Write a python program to collect text data from **either of the following sources** and save the data into a **csv file:**

(1) Collect all the customer reviews of a product (you can choose any porduct) on amazon. [atleast 1000 reviews]

(2) Collect the top 1000 User Reviews of a movie recently in 2023 or 2024 (you can choose any movie) from IMDB. [If one movie doesn't have sufficient reviews, collect reviews of atleast 2 or 3 movies]

(3) Collect all the reviews of the top 1000 most popular software from G2 or Capterra.

(4) Collect the **abstracts** of the top 10000 research papers by using the query "machine learning", "data science", "artifical intelligence", or "information extraction" from Semantic Scholar.

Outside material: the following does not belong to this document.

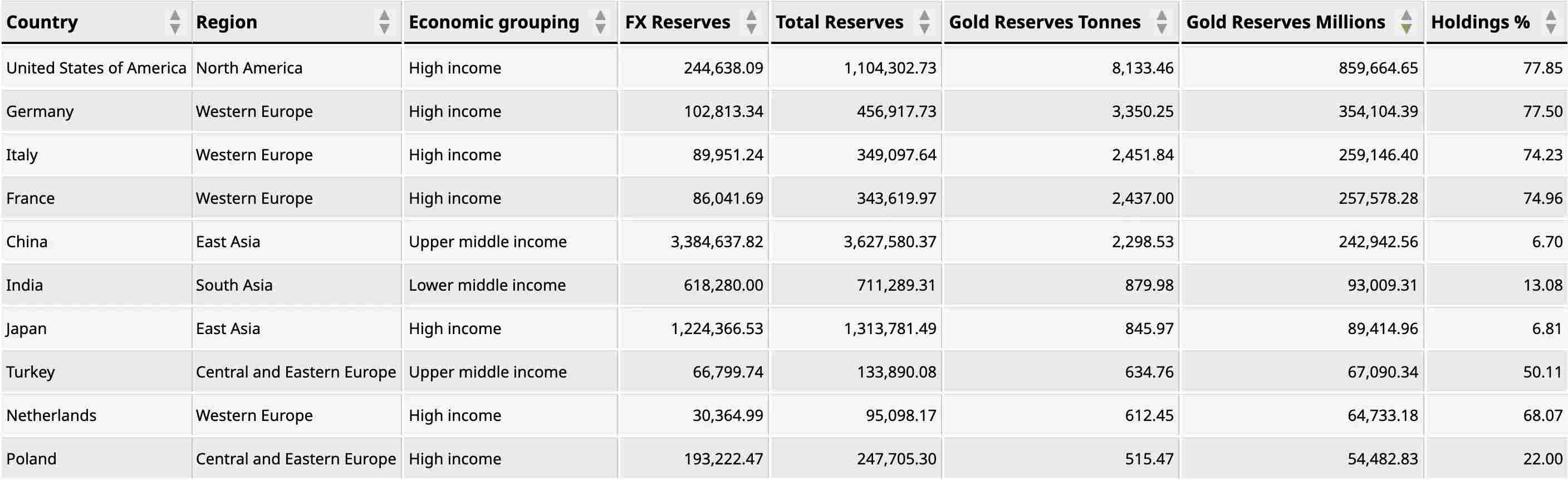 看看各国央行的黄金储备占比,发达国家和发展中国家完全是两个世界:

(5) Collect all the information of the 904 narrators in the Densho Digital Repository.


In [15]:
#first we import the necessary libraries..
import requests
from bs4 import BeautifulSoup
import pandas as pd

# we are implementing the first part of the question, i.e, amazon reviews
def fetch_product_reviews(url, review_count=1000):
    headers = {
        'User-Agent': 'Mozilla/5.0 (Windows NT 10.0; Win64; x64) AppleWebKit/537.36 (KHTML, like Gecko) Chrome/91.0.4472.124 Safari/537.36'
    }
    review_texts = []
    #we initialize page counter here
    page_counter = 1
    #loop
    while len(review_texts) < review_count:
        product_url = f"{url}?page={page_counter}"
        server_response = requests.get(product_url, headers=headers)
        soup_parser = BeautifulSoup(server_response.content, 'html.parser')
        reviews = soup_parser.find_all('span', {'data-hook': 'review-body'})

        for review in reviews:
            if len(review_texts) < review_count:
                review_texts.append(review.get_text())
            else:
                break
        #increment page counter
        page_counter += 1
    #return statement
    return review_texts

# URL of the amazon product..
product_reviews_url = 'https://www.amazon.com/SHASHIBO-Shifting-Geometric-Magnetic-Transforming/dp/B07W5QM4DP/ref=sr_1_3?dib=eyJ2IjoiMSJ9.zC0c7nLgmQII8muDoATYhXugk9nCudoP2yUhmI71OGWYHu2xkpmERJU3XPGeYp18aPnBr2luax-7CPUG5k5BOr4w1koHGSrcVvHRU0P8EgpC9bXm_B4v3pa9fLaXwbiFKVowO5xcBwEZRzYqfwKVSSqzh5CeBqZ3Wvzd2Gg54hbHRqcxw-Gd1orLjChnSYQL6Kwkgfnldk08W5Peigcn-P2rQJAaxwCeydypyh7jJPYIZCf-N28yNm3qhiMof7_wkCPxl72bcGyXeqPodXEFKyA7z2bFfmozamfIH1tZtb0.wZP12Q-1YtXbjDn8kI58vMy0XH8CQJVp8BNXhJEfyR8&dib_tag=se&keywords=shashibo%2Bshape%2Bshifting%2Bbox&qid=1708957841&sr=8-3&th=1'

print("Retrieving product reviews...")
reviews = fetch_product_reviews(product_reviews_url, review_count=1000)
print("Product reviews retrieved successfully.")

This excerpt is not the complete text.